Use Cases of Big Data

The below chart shows the relationship between typical volumes generated by typical enterprise applications.
 

Big Data Demystified : What it is and Should we Care (already now) ?

Potential applications of big data span functions and industries.

Important to note is that -certainly with technology still immature- the benefits of Big Data are bigger for some industries. In general, the biggest opportunities can be found in following sectors:

  • The computer, electronics and information sector
  • Finance and Insurance
  • Government
  • Retail

These sectors have the biggest potential in terms of Big Data investments according to a McKinsey study, as they operate in a B2C environment with consumers - and their trans- and inter-actions - providing a lot of "big data" input. But any given sector can identify gains by using Big Data.

Just to list some examples of potential applications :

  • Online & Web
    • Search ranking
    • Ad tracking Location and proximity tracking
    • On line gesture tracking
    • Audience engagement
  • Marketing
    • Conversation reach
    • Advocate influence & impact
    • Topic trends
    • Sentiment ratio
    • Idea impact
  • Science & Medical
    • Genomics analysis
    • CAT scan comparison
    • Big science data collection
  • Utilities & Industry
    • Smart utility meters
    • Satellite image comparison
    • Building sensors
    • Transportation network monitoring
  • Finance
    • Financial account fraud detection/intervention
    • System hacking detection/intervention

Traditional BI vs Big Data

The obvious question to ask now is how this new technology will develop in the years to come, and how it will impact our existing Business Intelligence & Data Warehousing infrastructure. Will we all switch to Big Data solutions and move away from traditional relational databases and data warehouses as some claim? Obviously it is hard to forecast how this new technology will evolve, but some trends in the market can give a good indication as to where this is heading.

It is already perfectly possible to setup a Hadoop Platform next to existing infrastructure to conduct analysis on unstructured or semi-structured information. The information storage and processing can be executed in the Hadoop cluster and the results of the analysis can be presented to the existing datawarehouse where it can enrich existing datamarts or create completely new ones.

Big Data Demystified : What it is and Should we Care (already now) ?

 

Hybrid Solution of Big Data in a classical Data Warehouse architecture

 

This approach is often referred to as the Analyze and Store principle. The low level information is not stored in the datawarehouse, resulting in lower storage and administrative overhead cost and less integration effort with the existing data.
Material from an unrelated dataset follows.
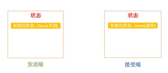 初始状态:客户端处于closed 状态,服务器处于listen(监听) 状态。

Opposed to that principle is the Store and Analyze principle. This principle is becoming possible due to the big vendors. Almost all the big vendors of relational databases (Microsoft, Oracle, IBM, …) are integrating Hadoop functionalities in their relational systems at fast pace. This will allow for Big Data information to be stored and integrated in the existing data sets, and will allow for analysis on the consolidated data set. As the data is better integrated, data quality will improve and the history of information will be easier to access. The downside of this approach is the increased cost in storage and more cost for data integration.
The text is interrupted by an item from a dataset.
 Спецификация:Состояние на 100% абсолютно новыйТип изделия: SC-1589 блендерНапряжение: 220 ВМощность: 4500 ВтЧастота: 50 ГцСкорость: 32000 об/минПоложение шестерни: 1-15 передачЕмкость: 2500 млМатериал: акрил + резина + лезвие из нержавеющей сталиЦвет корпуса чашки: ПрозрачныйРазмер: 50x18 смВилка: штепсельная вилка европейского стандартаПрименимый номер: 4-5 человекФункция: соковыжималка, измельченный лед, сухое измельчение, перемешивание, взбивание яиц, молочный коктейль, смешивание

Whichever way forward is chosen, a new array of possibilities with regards to Business Analytics will become available for end-users. After all the goal of Big Data and Traditional BI can be considered to be equal, the only difference is in the information itself that is processed and the means to do so.

Conclusion

Big Data has gained a lot of attention in the past two years, and the main reason is the boom of information that is occurring across the globe. Big Data is in essence a new way of processing and storing information, but with the same goals as traditional BI: to enable enhanced decision making, insight discovery and process optimization. As such it will become increasingly more important in the years to come.

The question is not if Big Data is here to stay, but when it will arrive in your company.